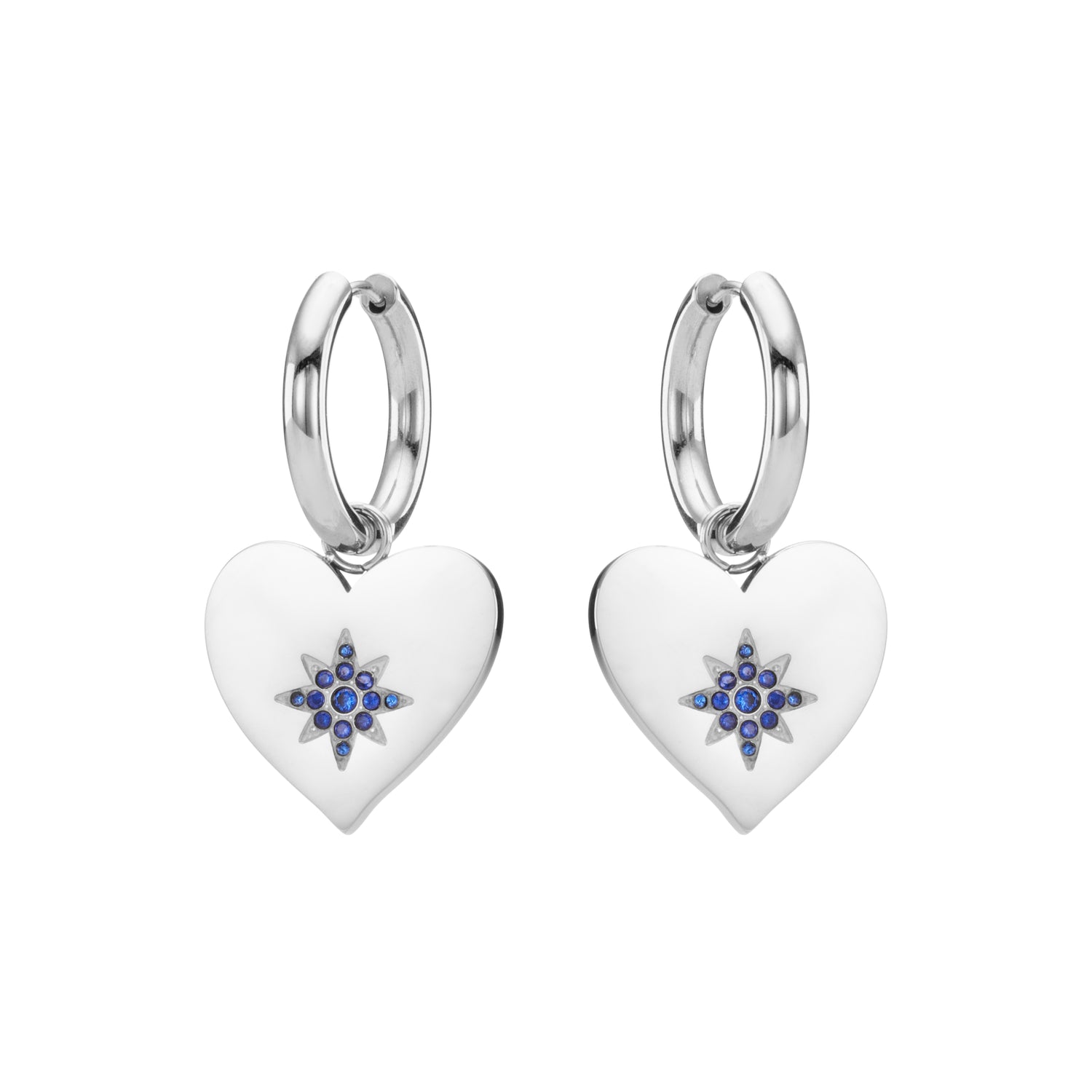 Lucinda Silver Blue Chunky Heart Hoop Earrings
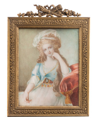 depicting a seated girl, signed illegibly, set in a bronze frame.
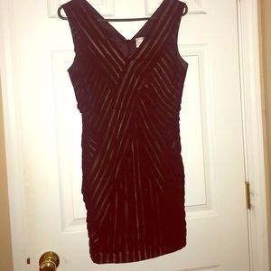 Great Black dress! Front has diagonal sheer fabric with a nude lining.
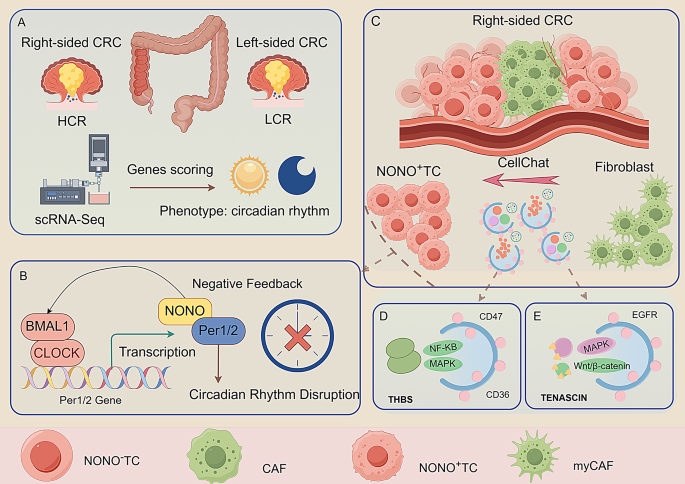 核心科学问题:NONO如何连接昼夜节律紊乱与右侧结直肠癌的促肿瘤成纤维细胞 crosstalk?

----

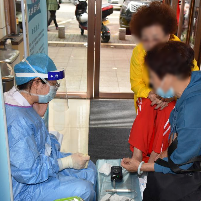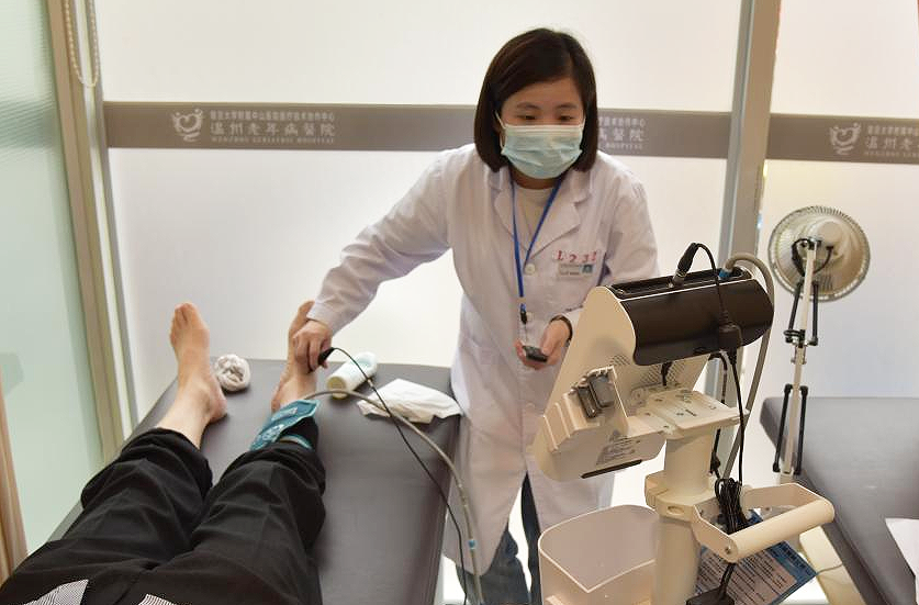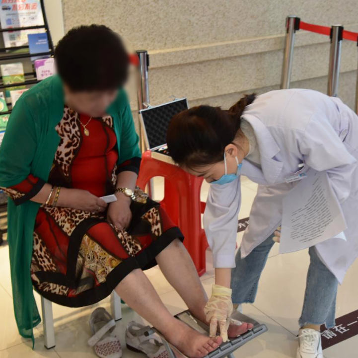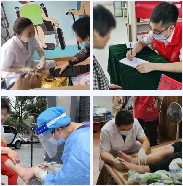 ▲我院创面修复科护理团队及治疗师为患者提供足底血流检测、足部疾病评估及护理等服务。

----

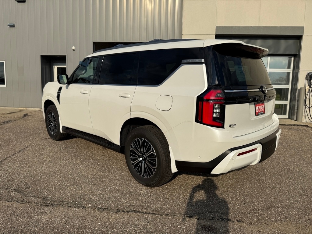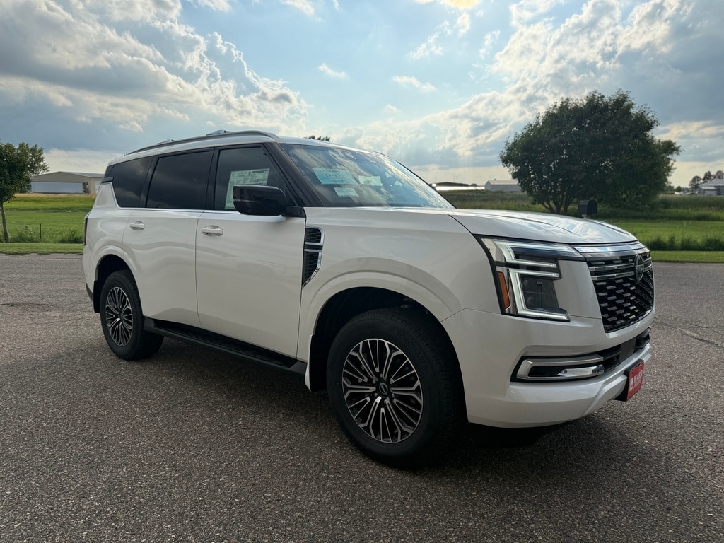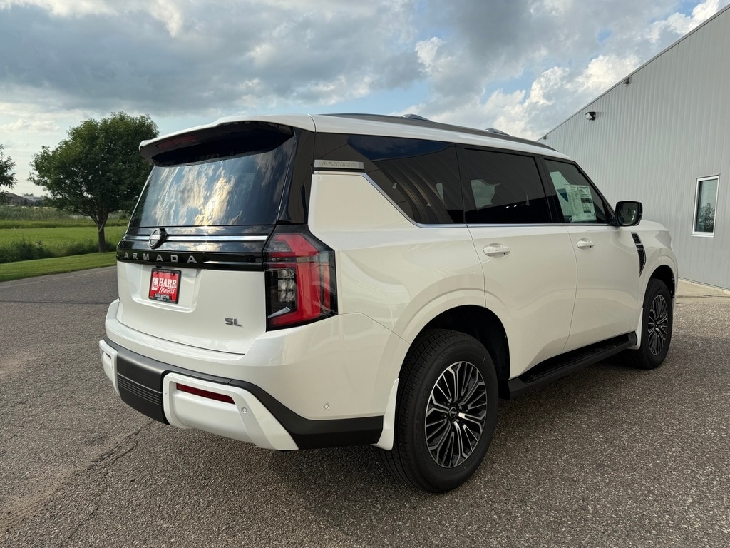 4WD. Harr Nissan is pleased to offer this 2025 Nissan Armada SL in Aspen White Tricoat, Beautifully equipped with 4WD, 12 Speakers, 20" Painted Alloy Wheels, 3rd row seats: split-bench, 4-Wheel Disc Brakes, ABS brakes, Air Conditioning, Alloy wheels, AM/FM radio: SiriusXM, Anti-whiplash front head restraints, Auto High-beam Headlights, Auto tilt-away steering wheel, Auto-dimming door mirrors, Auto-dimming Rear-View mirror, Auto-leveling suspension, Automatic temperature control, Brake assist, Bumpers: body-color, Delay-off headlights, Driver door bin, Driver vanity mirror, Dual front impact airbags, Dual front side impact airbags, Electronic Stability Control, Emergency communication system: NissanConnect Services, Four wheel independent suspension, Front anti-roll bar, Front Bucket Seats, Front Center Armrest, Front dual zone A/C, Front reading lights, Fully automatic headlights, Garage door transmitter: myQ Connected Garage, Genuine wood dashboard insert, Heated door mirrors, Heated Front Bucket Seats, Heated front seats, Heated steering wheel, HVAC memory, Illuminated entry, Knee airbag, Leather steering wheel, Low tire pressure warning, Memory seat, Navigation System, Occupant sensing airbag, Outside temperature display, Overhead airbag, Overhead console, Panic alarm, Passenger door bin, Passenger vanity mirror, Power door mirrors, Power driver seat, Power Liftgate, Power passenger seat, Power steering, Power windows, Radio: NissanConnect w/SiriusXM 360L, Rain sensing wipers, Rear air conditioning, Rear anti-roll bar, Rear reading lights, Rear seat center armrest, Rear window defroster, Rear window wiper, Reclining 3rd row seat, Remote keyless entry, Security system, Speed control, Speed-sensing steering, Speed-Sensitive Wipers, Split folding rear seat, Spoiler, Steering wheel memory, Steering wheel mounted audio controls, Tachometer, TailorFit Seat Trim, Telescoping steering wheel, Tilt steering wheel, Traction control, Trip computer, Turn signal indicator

----

Starting with the line above that holds "Lucinda Silver Blue", restate each line word for word up to and including the line that holds "核心科学问题:NONO如何连". Drop the pictures.

 Lucinda Silver Blue Chunky Heart Hoop Earrings
 depicting a seated girl, signed illegibly, set in a bronze frame.
 Great Black dress! Front has diagonal sheer fabric with a nude lining.
 核心科学问题:NONO如何连接昼夜节律紊乱与右侧结直肠癌的促肿瘤成纤维细胞 crosstalk?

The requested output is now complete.